Understanding startups: Team structures of a start-up

A startup is much more than just a vision or business plan. The team of a start-up is the core of a young company. It consists of people who promote innovation and creativity and contribute their individual contribution to the success of the company. The members of a start-up must have a good balance of different personalities and abilities in order to act optimally. The right team often determines the path a young company takes and whether the innovative ideas of the founders will be a success or a failure.

With a fully motivated team, a company can always achieve more than the lonely business wolf. The managing director must have the optimism to be able to manage the company and his idea alone, but also have the self-reflection to understand which team structures he needs to be really successful. A good entrepreneur recognizes which talents he needs to achieve the breakthrough and which personalities complement him optimally. This entrepreneurial decision can go so far that some founders hand over the management of the company to others, as their skills are not in the management area. The success of the start-up and its vision is always in the foreground for a prudent, successful entrepreneur.

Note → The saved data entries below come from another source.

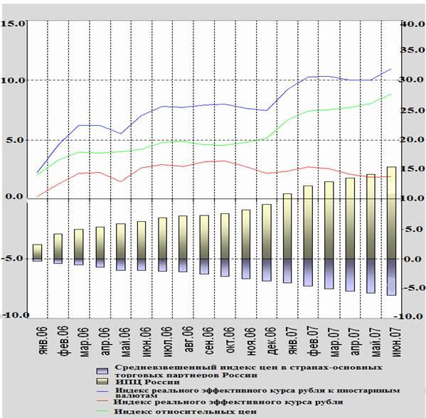 Динамика номинального эффективного курса рубля в отчетном периоде имела слабовосходящую динамику, отражающую как взаимокомпенсирующее влияние курсов валют основных торговых партнеров России на международном рынке, так и постепенное укрепление обменного курса рубля вследствие сохраняющегося объемного притока валютных ресурсов на внутренний рынок. Так в июне 2007 г. по отношению к декабрю 2005 г. индекс курсов основных торговых партнеров России к доллару США вырос на 8,3%, отражая общемировую тенденцию ослабления доллара США. Индекс номинального эффективного курса рубля при этом в отчетном периоде вырос на 1,9%, т.е. динамика рубля в целом соответствовала ситуации на международном валютном рынке с неярко выраженной тенденцией к укреплению.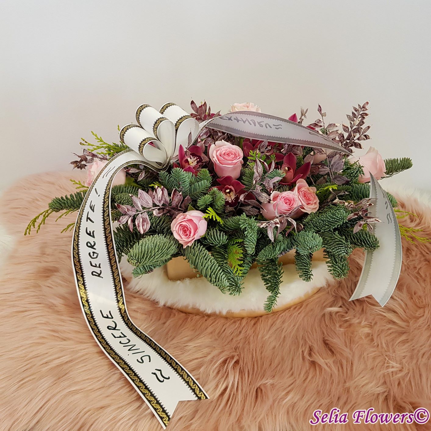 Compozitie: brad nobilis blue, tuia, 12 trandafiri, 10 cupe miniorhidee, ruscus natural stabilizat și vopsit.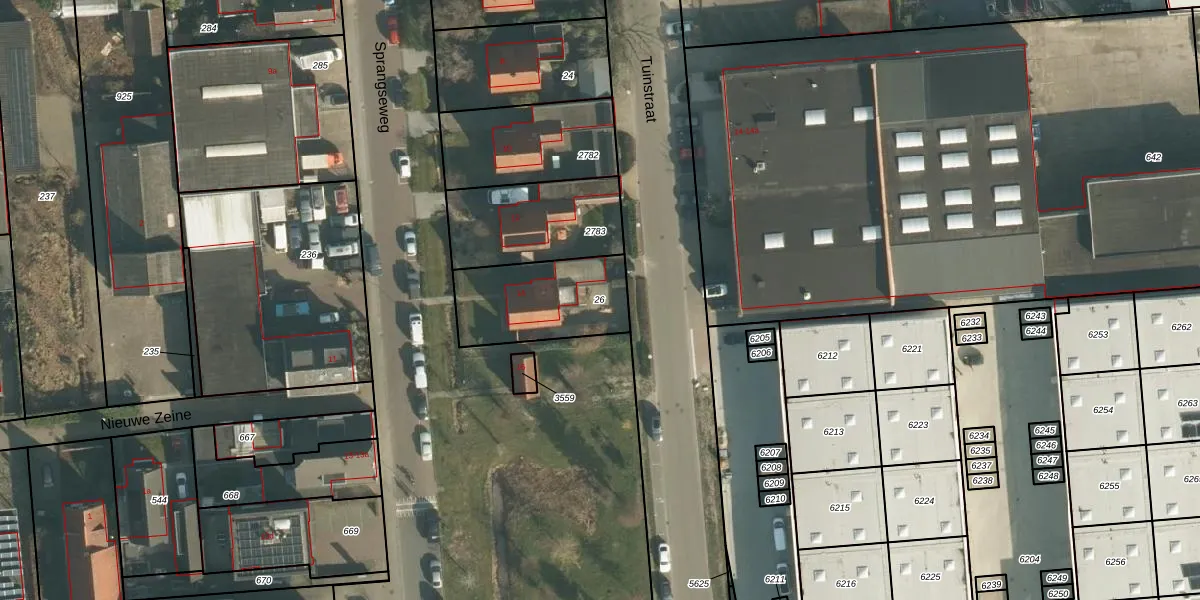Gebruik de zoekbalk of klik op een perceel om informatie over het perceel te bekijken.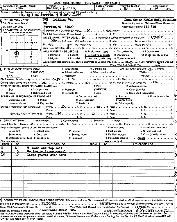 B and B Drilling/Bell, Mable | 30 ft. | 4.5 ft. | Oil Field Water Supply | Constructed | 30-Nov-1982 | Scan | ||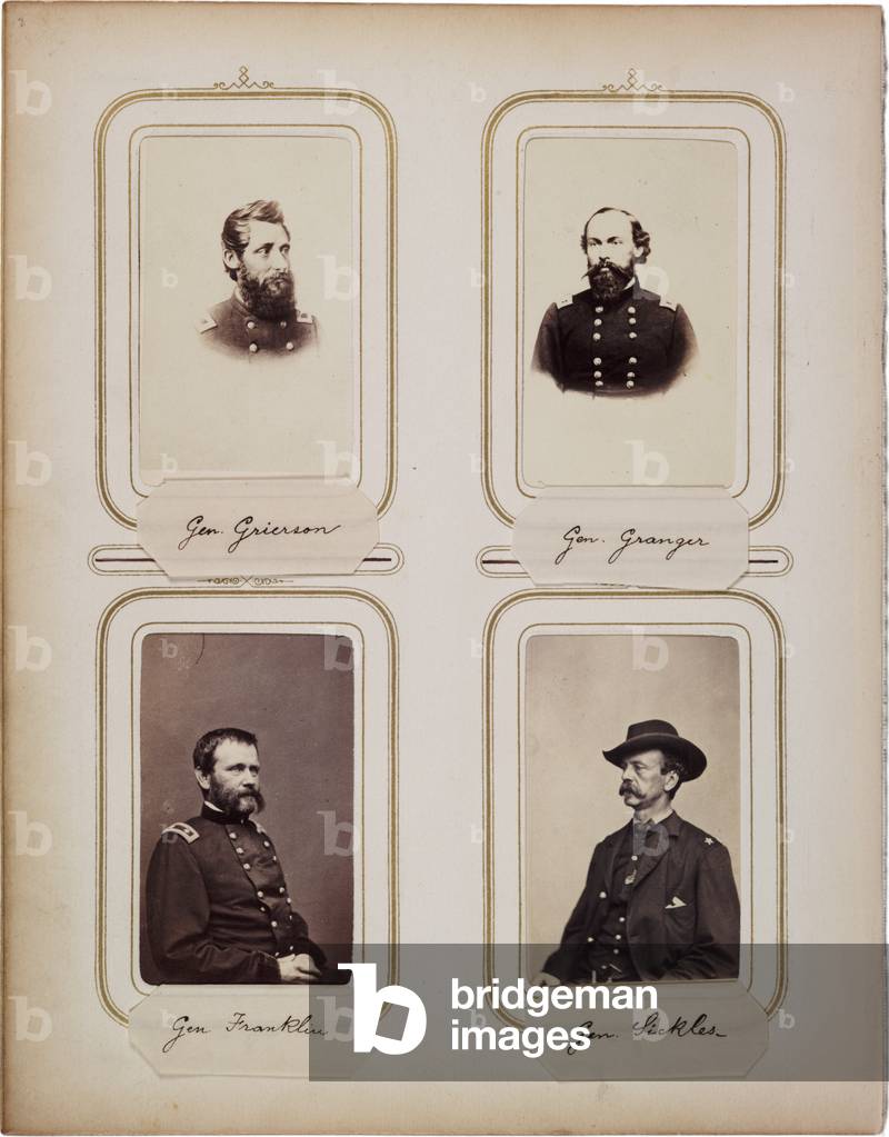 GLC696166 Album with ”A.A.” initials embossed on front knob. Includes images of Lincoln, Mary Lincoln (2), Lincoln’s Cabinet, generals, writers, freed slaves, prisoners of war, Confederate leaders, etc. Lacks one clasp. Due to album’s fragility, pages removed from album 6/97 and boxed as album pages. 50 pages with four cartes per page, most labelled in a contemporary hand (and sometimes humorously, as in Jefferson Davis).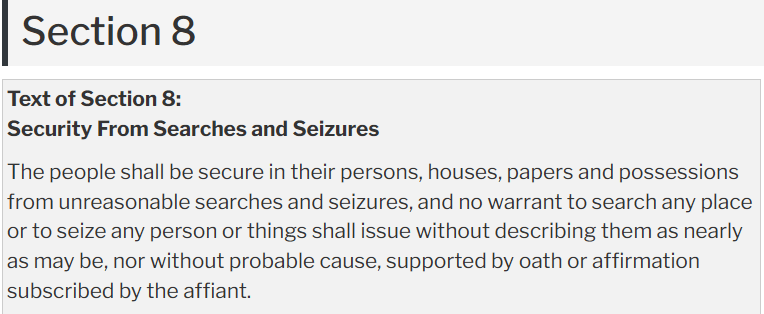 Below are a few of the highlights of our rights, which total 28 sections in Article I of the PA Constitution. To view the entire Article I text please click here.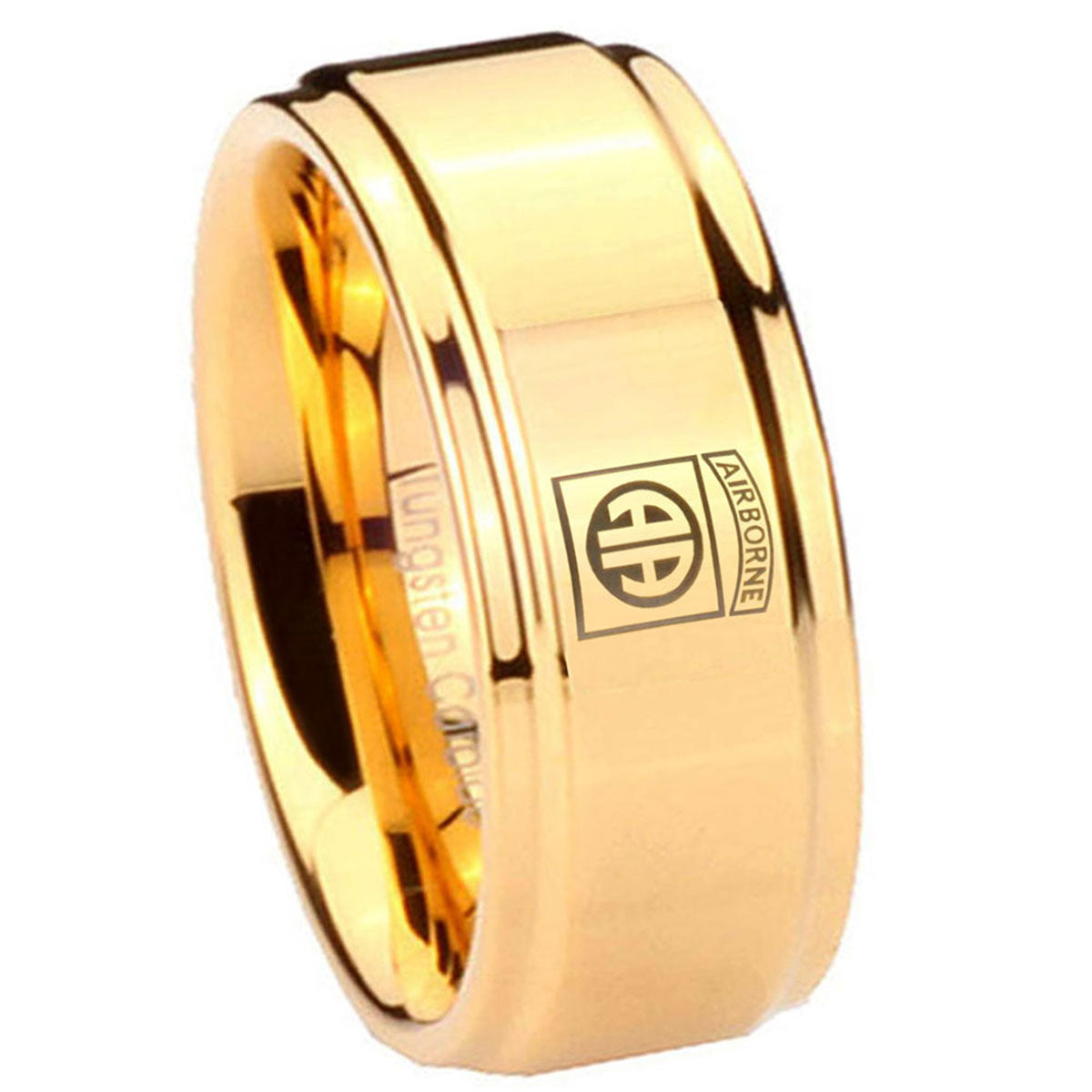Intruding 5, 8mm Army Airborne Step Edge Gold Tungsten Engagement Rings For Him . Offer in both 5mm and 8mm band width 18k gold plated finished from size 4 to 14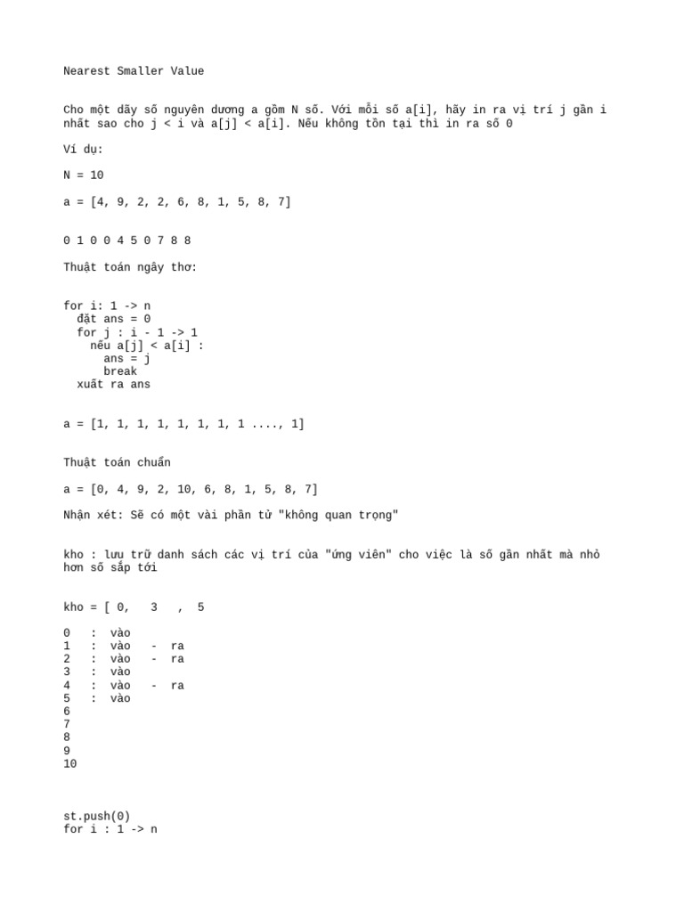 nhất sao cho j < i và a[j] < a[i]. Nếu không tồn tại thì in ra số 0

A team, which should complement each other, brings together many different disciplines and characters. These must act in harmony with each other in all phases.


Building a successful startup team

According to current studies, 50% of all new companies fail because the team did not fit together. Founders must therefore attach particular importance to this detail. Even if many people find it difficult to get a team up and running at the beginning, it is rarely advisable to bring family or friends into the company. Only in rare cases does such a relationship work as well in the professional field as in private life. There is a risk that business partners feel inhibited to address problems because they do not want to endanger the relationship with their relatives or friends. This can be a salvation for the social relationship, but a death blow for business.

However, not only the social relationship with team members or employees can be a pitfall on the way to a successful startup; too one-sided professional expertise can also become a problem. As already mentioned, a founder should always seek team members to complement him. But in a small company, every team member must be able to do everything, even in an emergency, despite special expertise. A founder should therefore be looking for flexible and dynamic generalists, but often he himself is so specialized in a subject that it is difficult for him to set up his team as broadly as it would be necessary. This is where the problem of an overly specialized founder comes into play. For the specialist, the focus is on technical expertise, not what would be best for the company, which has already caused many a company to fail. Such problems most frequently occur with spin-offs from universities or research institutions. Here, the founding teams usually include specialists who are artificially pressed into certain roles in the company without being able to operate them. This way, the most communicative member of the team quickly becomes head of communication without knowing anything about marketing.

Have you considered that with the social relationship and also looked for a well mixed team of generalists and specialists and still it doesn’t work? Well: In the end, team fit is what counts when choosing the right colleagues and co-founders. The personal values, the preferred decision-making and communication behaviour, as well as the way of dealing with each other must fit together and balance each other. Once all these characteristics have been met, the second step can be taken – learning to work together properly.


Challenges to startup teams

In a startup, the teams are confronted with specific challenges that need to be solved. These tasks must be shared among the team members, not only depending on the abilities of the individual, but also taking into account the specific needs of the company.

Founders have to learn to divide the areas of responsibility sensibly, even if all team members are often involved in all decisions in a startup, not everyone can answer for everything. Therefore, the team members of a start-up are usually assigned a special area, which is their responsibility. The earlier these areas are defined, the less likely are later disputes within the team. The same applies to the objectives of an innovation project. All members of the team must understand what is at stake and what is to be achieved at the end of a certain period (e.g. at the end of a project or fiscal year). Only when everyone has understood the goal can they pull together to achieve it.

This is also the advantage of a start-up team, because unlike the Group, they can put together smaller teams that complement each other better. Missing consequences can be compensated more quickly by finding someone who is particularly talented in a particular field or by different teams working together across departments. However, the challenge for the founders is to recognize this optimization at an early stage. Since many young entrepreneurs have only a lack of experience in teambuilding, they often need too long to identify and close possible gaps in their own team. But if they keep a close eye on the structures, they are more flexible and efficient than many larger companies.

However, since many founders cannot have an overview of all processes, the open word is often the law in a startup. If the goal is deviated from or responsibilities are shifted, this must be communicated at an early stage. This allows decisions to be made more quickly and conflicts to be avoided.


It can therefore be said that a good innovation team in start-ups is optimally controlled. They have fixed responsibilities and complement each other perfectly. Each roll is predefined, each gap is closed as quickly as possible.

Alexander Pinker
Alexander Pinkerhttps://www.medialist.info
Alexander Pinker is an innovation profiler, future strategist and media expert who helps companies understand the opportunities behind technologies such as artificial intelligence for the next five to ten years. He is the founder of the consulting firm "Alexander Pinker - Innovation Profiling", the innovation marketing agency "innovate! communication" and the news platform "Medialist Innovation". He is also the author of three books and a lecturer at the Technical University of Würzburg-Schweinfurt.